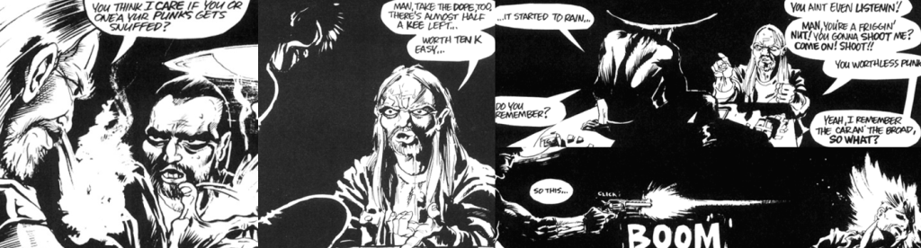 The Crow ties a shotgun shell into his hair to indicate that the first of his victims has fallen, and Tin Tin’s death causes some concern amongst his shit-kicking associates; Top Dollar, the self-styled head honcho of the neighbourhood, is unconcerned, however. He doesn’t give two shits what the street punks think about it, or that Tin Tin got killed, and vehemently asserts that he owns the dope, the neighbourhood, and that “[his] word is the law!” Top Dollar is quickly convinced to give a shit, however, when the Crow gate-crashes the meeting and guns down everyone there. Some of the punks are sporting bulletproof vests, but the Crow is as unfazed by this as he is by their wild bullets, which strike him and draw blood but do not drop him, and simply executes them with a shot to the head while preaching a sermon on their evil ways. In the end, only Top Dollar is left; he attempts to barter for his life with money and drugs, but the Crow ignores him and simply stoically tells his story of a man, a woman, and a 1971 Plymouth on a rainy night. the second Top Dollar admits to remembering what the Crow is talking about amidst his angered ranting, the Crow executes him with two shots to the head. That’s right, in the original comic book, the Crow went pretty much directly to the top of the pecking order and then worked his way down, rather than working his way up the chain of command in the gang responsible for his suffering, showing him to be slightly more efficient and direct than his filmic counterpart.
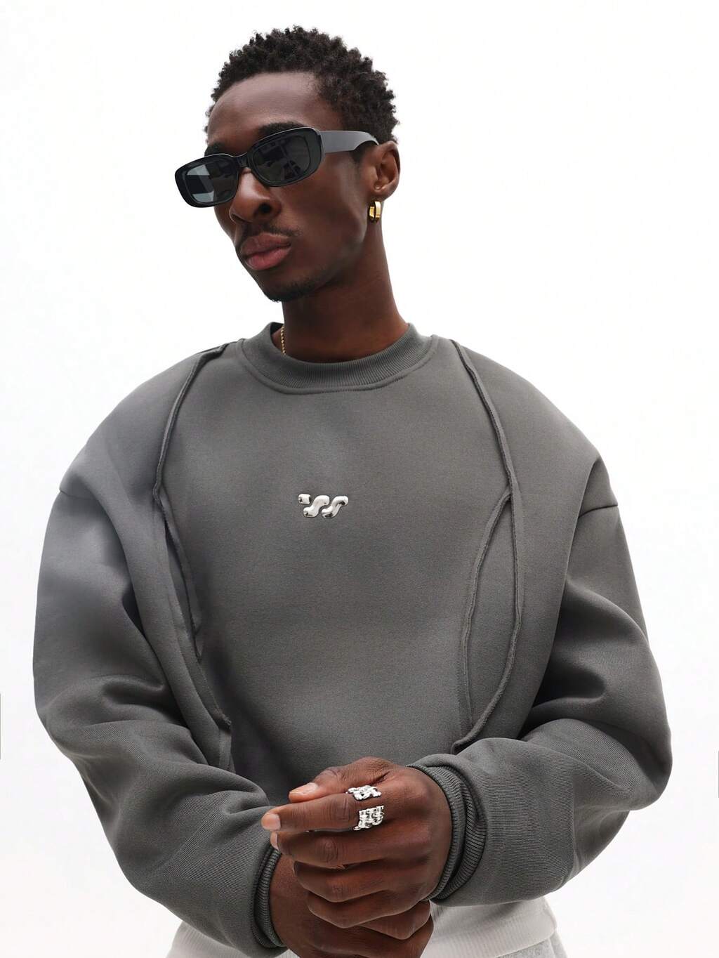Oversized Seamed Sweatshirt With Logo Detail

--

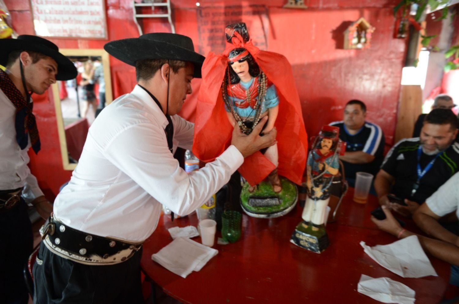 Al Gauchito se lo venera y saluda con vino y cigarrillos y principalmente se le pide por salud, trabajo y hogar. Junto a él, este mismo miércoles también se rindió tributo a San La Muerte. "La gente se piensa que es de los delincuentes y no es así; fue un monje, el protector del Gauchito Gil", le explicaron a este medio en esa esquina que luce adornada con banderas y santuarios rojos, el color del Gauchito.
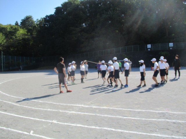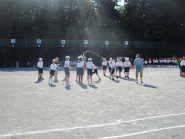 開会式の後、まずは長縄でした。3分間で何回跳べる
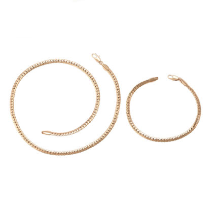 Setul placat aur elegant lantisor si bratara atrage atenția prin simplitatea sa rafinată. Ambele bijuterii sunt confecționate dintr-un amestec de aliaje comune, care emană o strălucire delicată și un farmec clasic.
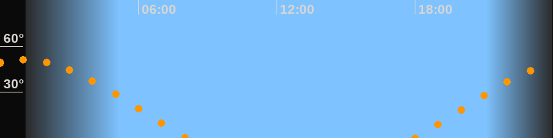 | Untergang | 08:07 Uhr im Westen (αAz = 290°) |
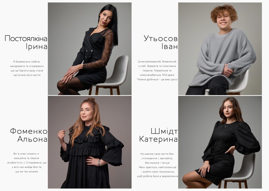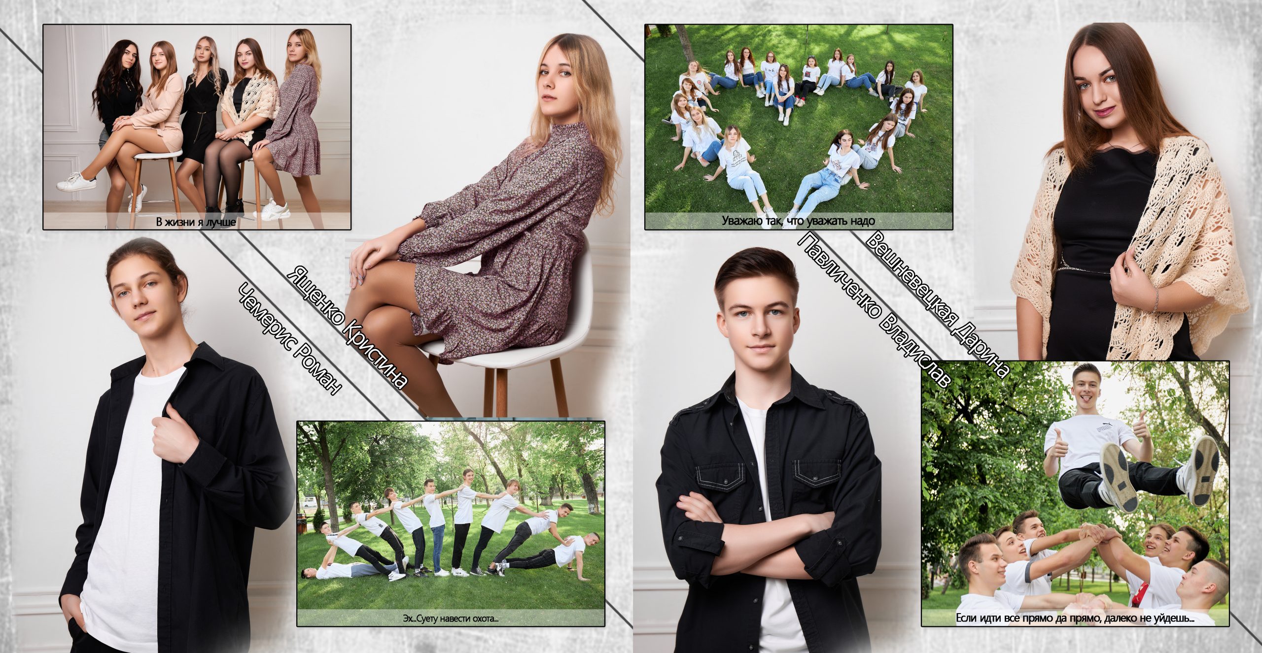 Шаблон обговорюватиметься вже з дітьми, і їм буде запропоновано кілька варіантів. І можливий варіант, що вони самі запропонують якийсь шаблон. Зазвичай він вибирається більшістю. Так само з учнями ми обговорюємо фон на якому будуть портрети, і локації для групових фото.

# Problem
Reproduce the lines above starting at the one with "Setul placat aur" and ending at the one with "(αAz = 290°) |", both included, exactly and with no pictures.

# Finished exercise
 Setul placat aur elegant lantisor si bratara atrage atenția prin simplitatea sa rafinată. Ambele bijuterii sunt confecționate dintr-un amestec de aliaje comune, care emană o strălucire delicată și un farmec clasic.
 | Untergang | 08:07 Uhr im Westen (αAz = 290°) |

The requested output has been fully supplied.